In this situation, I completely agree with this.

We're going to be dealing with a similar situation in a few years with DD and have already decided she will have absolutely no alone/unsupervised time with them. But they are not as extreme as this and I would not allow my child around people like that.


----------



## mumkimum (Nov 14, 2006)

Well, just to reaffirm for you, but just because grandparents whine or complain about alone time with your children - doesn't mean you need to provide it. We do mainly family time with grandparents and have one who complains a little, and 2 others who are just happy to see us all.

As for the other issues - sounds like the religion I was raised in perhaps. I think there will be a lot of pressure on your kids to go along, if they're alone or doing church group type stuff with grandparents (like this "game"). There's likely a lot of pressure on the grandparents to pass on their beliefs too. Be blunt with your family members, arm your kids with their own beliefs. Teach them that people can have different beliefs and its ok. And don't have unsupervised time with people who don't respect your boundaries for your kids.


----------



## philomom (Sep 12, 2004)

Agree with all that was said here!

I personally had to ban weekend sleepovers with my mom because she would take the kids to her church even if I asked her not to. Then the kids get into the whole "keep a secret" business that is so confusing for the child.


----------



## A&A (Apr 5, 2004)

Quote:


> Originally Posted by *mumkimum*
> 
> As for the other issues - sounds like the religion I was raised in perhaps.


 Me, too.

Maya Angelou said that we teach people how to treat us. Don't teach your in-laws that it is ok to continue behaving this way.


----------



## Linda on the move (Jun 15, 2005)

Sounds like my parents.

I find the phrase , "I can see why you feel that way, but none the less, this is what we've decided to do" very helpful.

Then you just stop caring about whether or not they are upset. keep reminding yourself that they don't care if you are upset.

Also, moving half way across the country to get away from them helps.


----------



## MichelleZB (Nov 1, 2011)

I think it may help to label their bigotry to them. Don't make it about their religion. Just say, "We'd love to do grammy time. But we don't allow racism in our family. So we can't." Using the actual word "racism" can be a shock to people like that because they often don't get told that they are racist.

You can even throw some of their own terminology back at them: "We want to bring up our children with wholesome, family-friendly values. They need to learn to respect all people.
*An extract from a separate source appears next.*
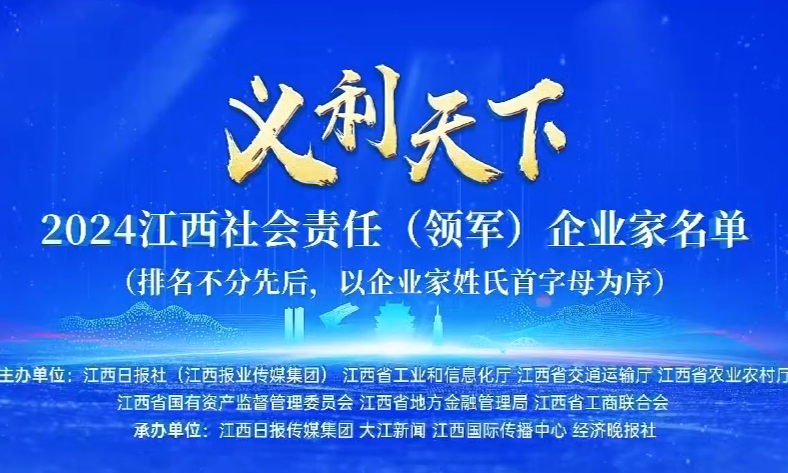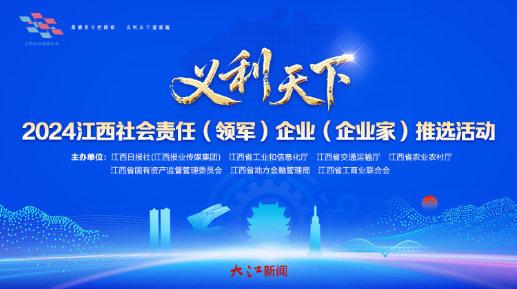 “义利天下——2024江西社会责任(领军)企业(企业家)”推选活动,立足江西高质量发展与现代化建设宏伟蓝图,以弘扬“厚德实干、义利天下”的赣商精神为内核,以表彰在新质生产力发展、绿色低碳转型、改革创新、诚信纳税、扶危济困、乡村振兴等领域履责突出的领军企业及企业家为核心目标,是我省推动企业社会责任体系建设、凝聚高质量发展合力的重要举措。

We don't allow the kind of language you use to be used around our children." They probably think of their own values as "family values" so it's a good wake-up call to have it used to mean what it should mean.


----------



## McGucks (Nov 27, 2010)

Quote:



> Originally Posted by *Linda on the move*
> 
> Also, moving half way across the country to get away from them helps.










Love that one.

I am fortunate that my MIL keeps her religion out of our kid's life (she lives locally), but I have sure had to fight the "alone with granny time" issue repeatedly. We make sure our little guy sees his grandparents with what I feel is regularity (about 3x/mo.), but it's never enough for her. Grandpa is fine with the schedule, it would appear. I did cave on a family vacation when she was whining about her "alone time" with our then-two year old; within about three minutes, it got quiet...I came out of my room and he was gone. Granny was doing dishes and had no idea where he was. My toddler had unlocked an interior door, slid the bolt on a second-story gate, gone down both flights of stairs, and was in the parking area under the house trying to get into SIL's unlocked car. But I digress.

I always see red flags when a child is asked to keep a secret, unless it's about what's under the tree or something along those lines.
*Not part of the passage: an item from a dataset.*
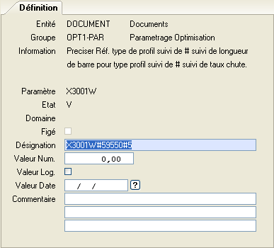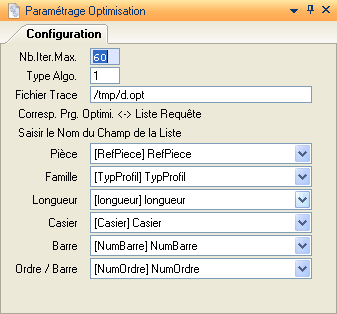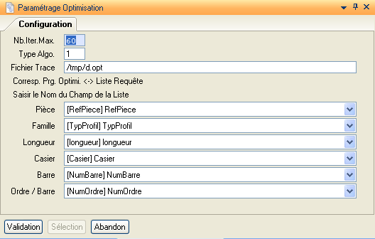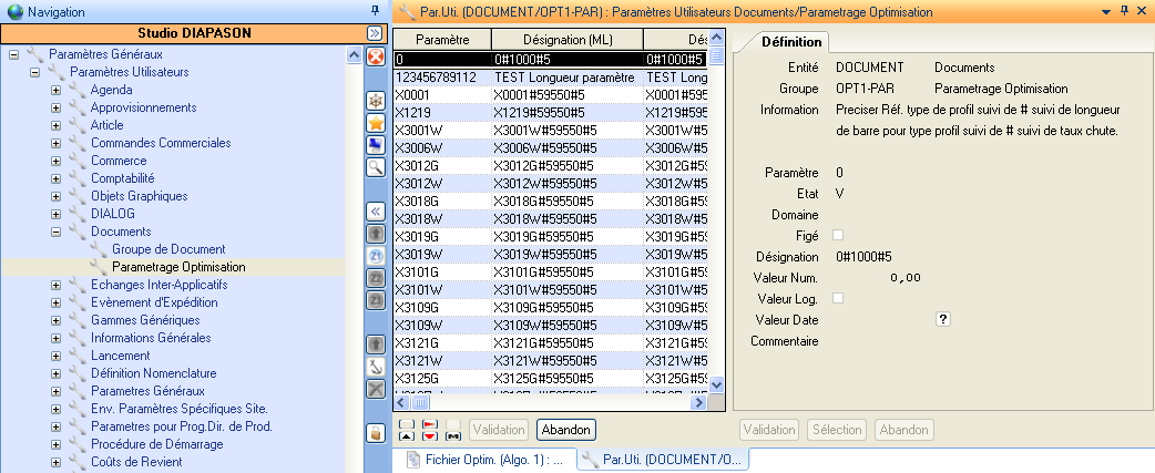 Il faut renseigner des « Paramètres Optimisation » (Paramètres Généraux / Paramètres Utilisateurs / Documents / Paramétrage Optimisation) afin de préciser pour chaque profilé :

If you have repeatedly discussed this with them and it's to no avail thus far, my next step would be a co-written, co-signed, compassionate letter explaining that, while you value their role in your children's lives (if indeed you do), the monkey business has to stop, completely. No wiggle room, no open window.
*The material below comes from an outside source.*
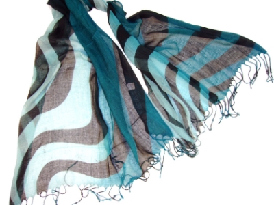 Lightweight Shaded Polyester scarf in shades of Teal Blue with Black waves over it. Fringes on its ends. Imported.

You are in a very tough spot. Good luck.


----------



## Banana731 (Aug 4, 2006)

Quote:


> Originally Posted by *MichelleZB*
> 
> I think it may help to label their bigotry to them. Don't make it about their religion. Just say, "We'd love to do grammy time. But we don't allow racism in our family. So we can't." Using the actual word "racism" can be a shock to people like that because they often don't get told that they are racist.
> 
> You can even throw some of their own terminology back at them: "We want to bring up our children with wholesome, family-friendly values. They need to learn to respect all people. We don't allow the kind of language you use to be used around our children." They probably think of their own values as "family values" so it's a good wake-up call to have it used to mean what it should mean.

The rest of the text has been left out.